Psoriatic arthritis is a form of arthritis associated with psoriasis, being included in the group of spondylitis. Most people first develop psoriasis and then are diagnosed with psoriatic arthritis. Sometimes joint damage may precede or coincide with a diagnosis of psoriasis.
Psoriatic arthritis and psoriasis (red spots on the skin covered with silver scales called plaques) are autoimmune conditions.
The immune system protects the body against diseases and infections. In autoimmune diseases, it no longer recognizes its own structures and develops mechanisms that act against these structures.
Genes inherited from parents and grandparents can increase the chances of developing psoriatic arthritis. In the presence of certain genes, the following actions can trigger psoriatic arthritis:
- An infection;
- An accident or trauma;
Psoriatic arthritis can cause a number of symptoms. People will often have two or more of these symptoms that can range from mild to severe forms of joint damage.
Inflammatory pain accompanied by swelling and stiffness are the main manifestations that characterize joint suffering. Other symptoms are: dactylitis, inflammation of a tendon, etc.
Inflammation is normally a useful tool for a healthy immune system.
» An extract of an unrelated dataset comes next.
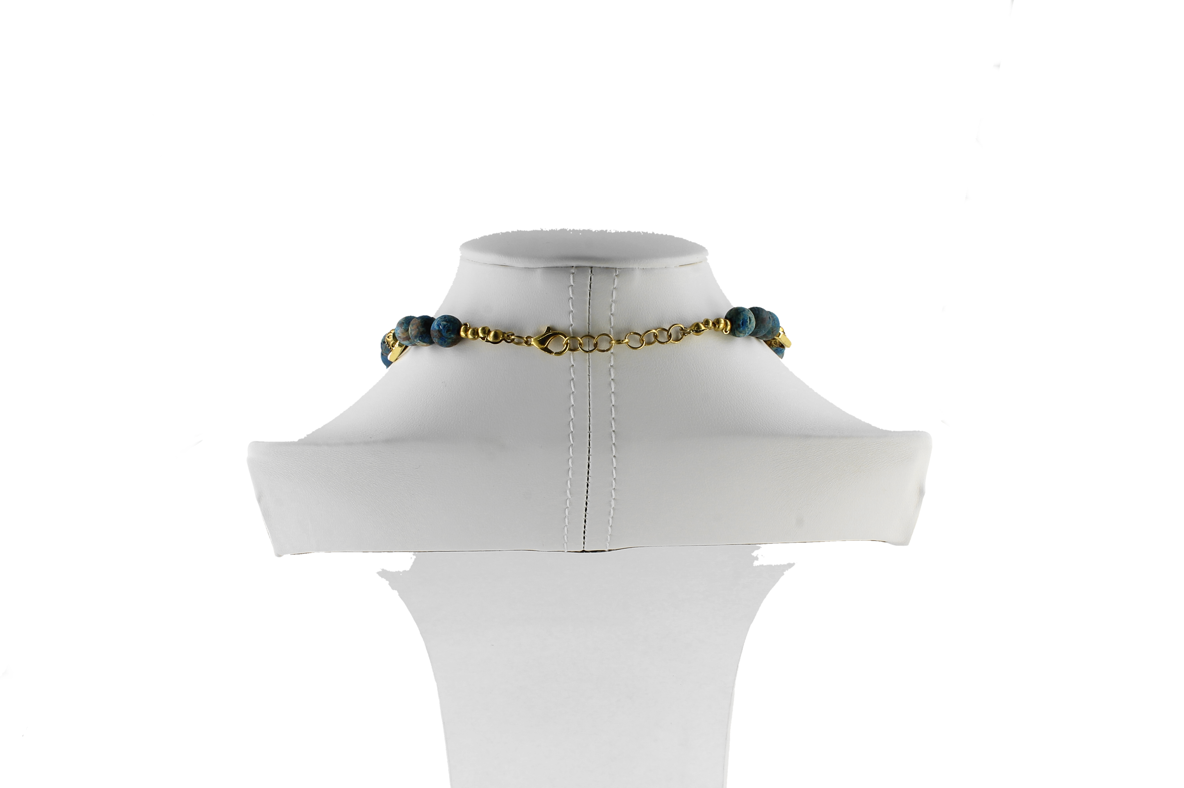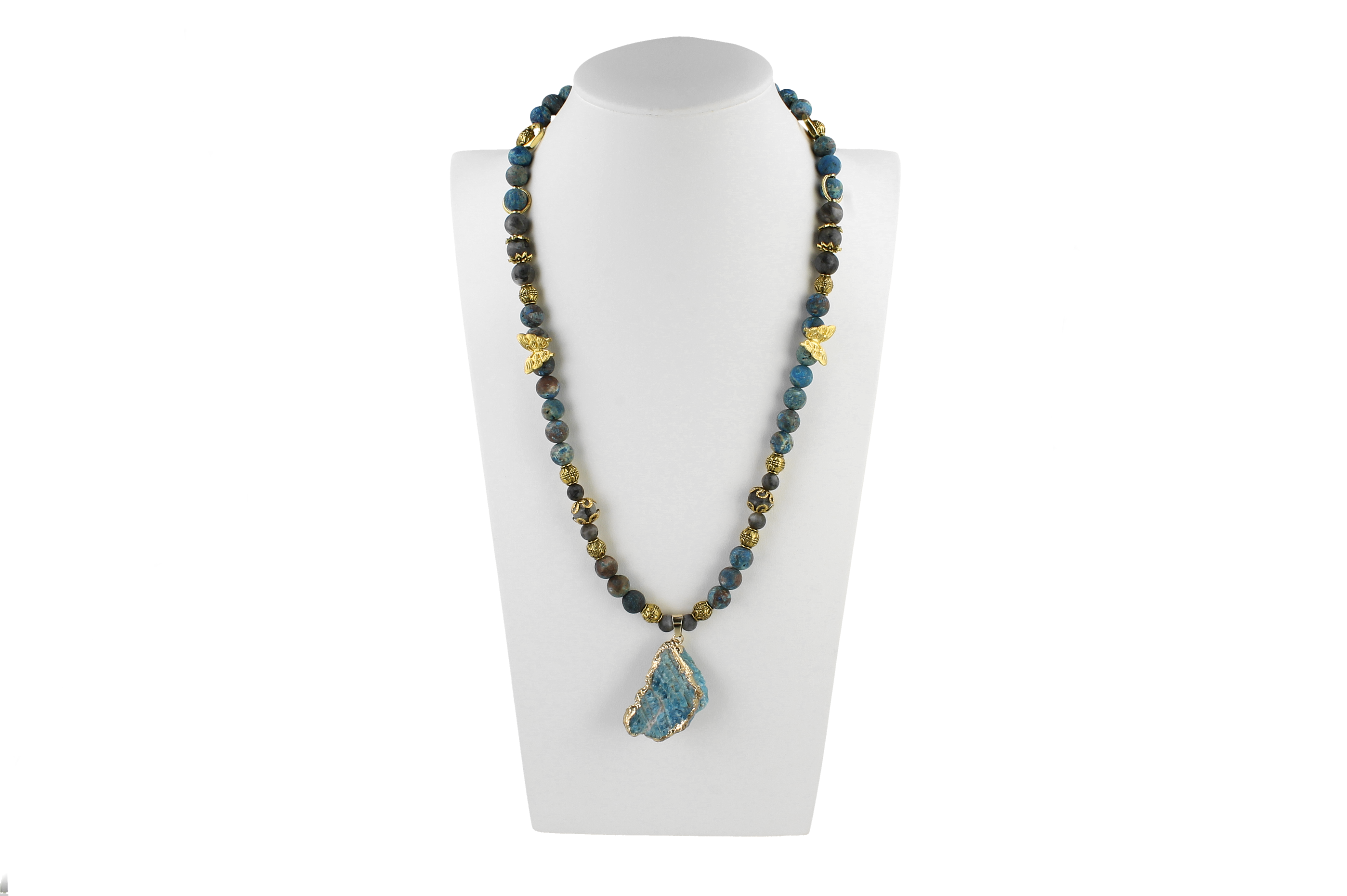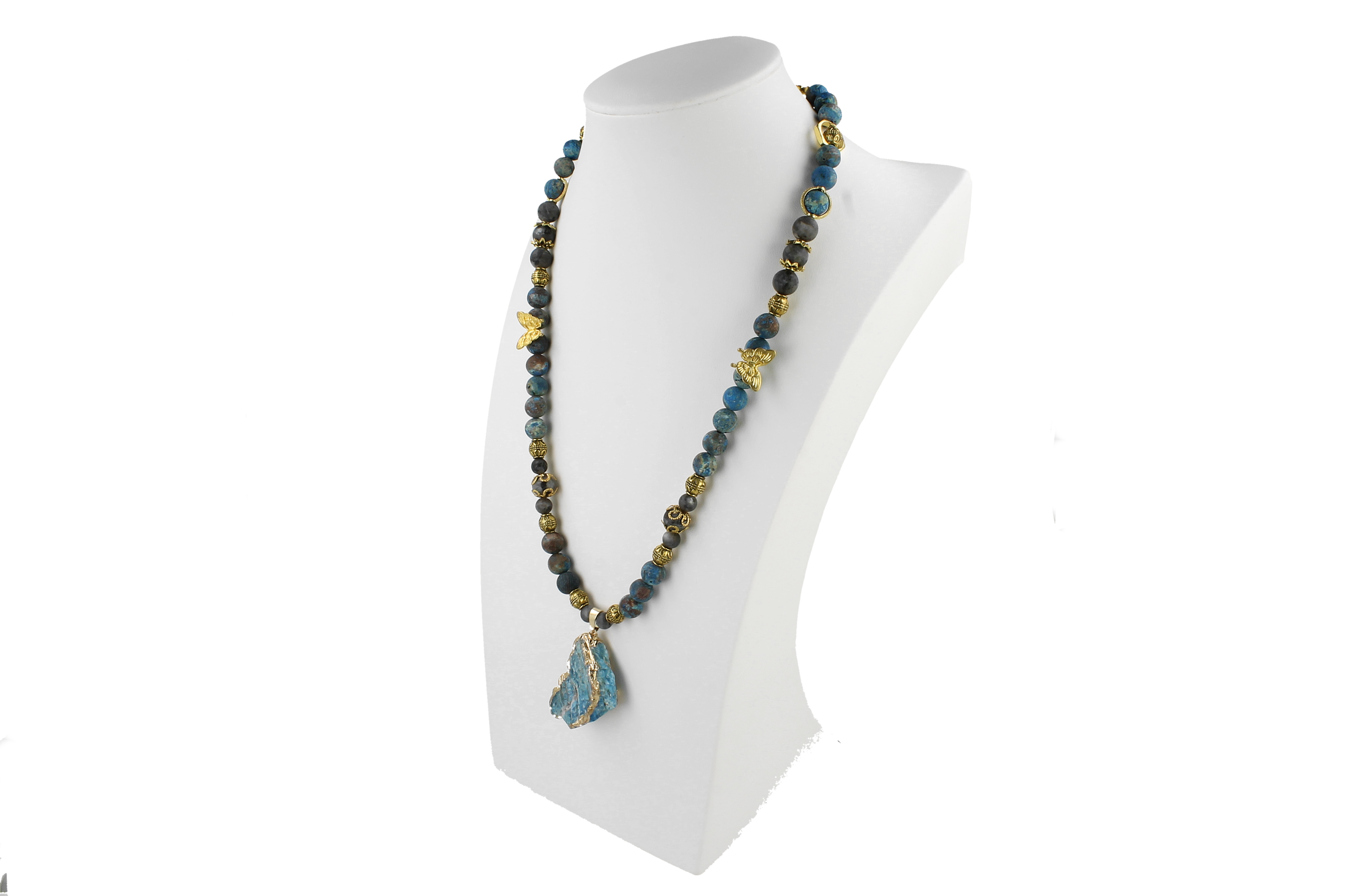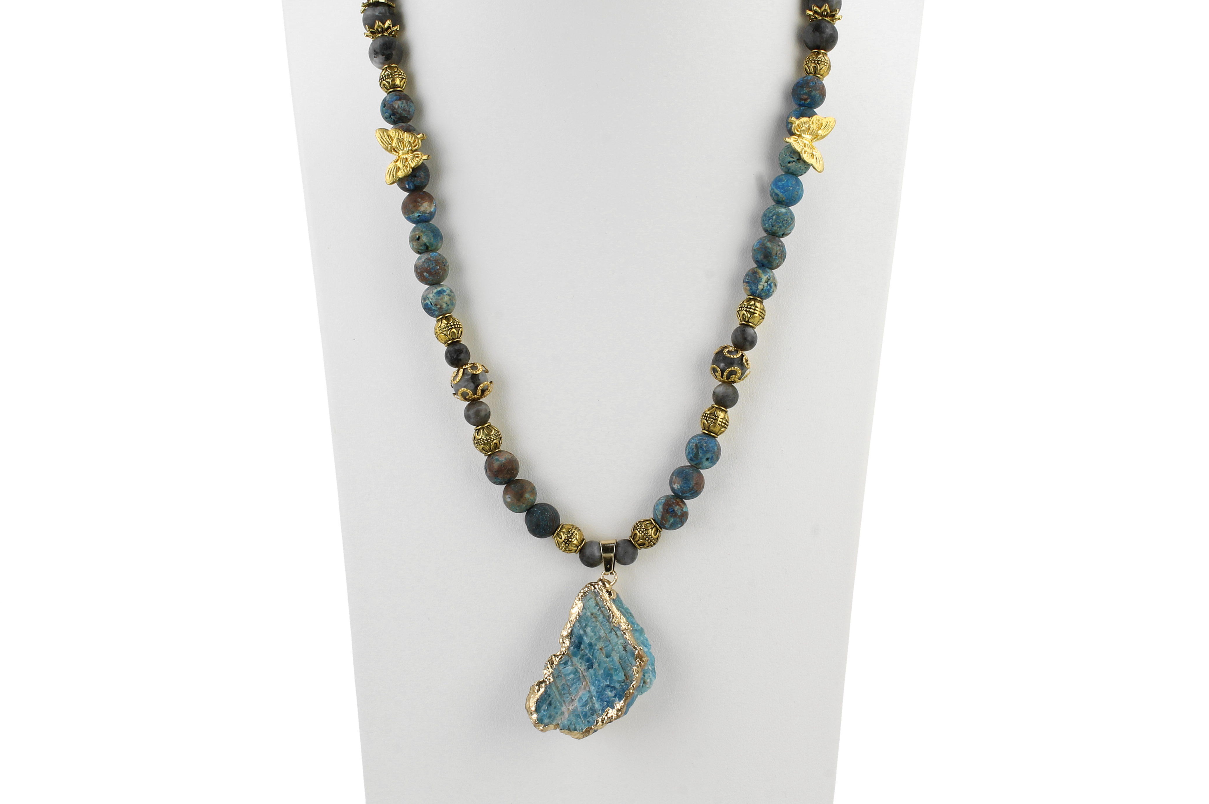 Wyjątkowy, ręcznie wykonany naszyjnik z kamieni naturalnych w odcieniach oceanu: turkusu i głębokiego błękitu. Centralnym elementem jest efektowna zawieszka – surowy kamień naturalny w oprawie w kolorze złota. Całość dopełniają ozdobne przekładki oraz urocze zawieszki pszczółki, które nadają biżuterii elegancki, ale też lekko magiczny charakter.

This involves the migration of a significant number of molecules and cells to the affected tissue in an attempt to neutralize and remove the aggressor.
At the musculoskeletal level, the damage is present both axially and peripherally. The most commonly affected joints are:
- Small joints in the hands and feet;
- Sacroiliac joints;
Non-specific constitutional signs may also be associated, such as:
- Severe and persistent fatigue that does not go through rest;
- Weight loss;
- Lack of appetite.
The severity of the condition can vary considerably from person to person. Some people may have severe joint damage, with deformity and joint ankylosis, sometimes even mutilating, while in other cases joint damage may be limited (1-2 joints). 7% of patients require joint prosthesis surgery.
The objective of the treatment is the remission of the disease (lack of its activity) or the minimization of the clinical manifestations, the treatment options being multiple. These involve the administration of symptomatic or activity-altering medication that may be associated with physical recovery.
People react differently to specific treatments, so you may need to try several options to find what works for you.
- Arthritis treatments
- Nonsteroidal anti-inflammatory drugs (NSAIDs);
- Steroid injections in the affected joints;
- Synthetically targeted disease-modifying drugs (DMARDs);
- Orthopedic treatment involving joint prosthesis (operation to replace damaged joints);
- Biological therapies – modifiers of disease activity (recommended when DMARDs have not proven effective).
Treatments for psoriasis:
- Creams and ointments;
- Retinoid tablets;
- Ultraviolet light therapy, also known as phototherapy;
- Some DMARDs and biologic therapies used for arthritis can also help with skin damage.
Lifestyle changes and home remedies are also beneficial. These include:
- Changing the way everyday tasks are performed to protect joints;
- Maintaining a healthy weight;
- Regular exercise;
- Rest and relaxation when needed;
- A proper diet;
- Support from others, such as family, friends or a therapist.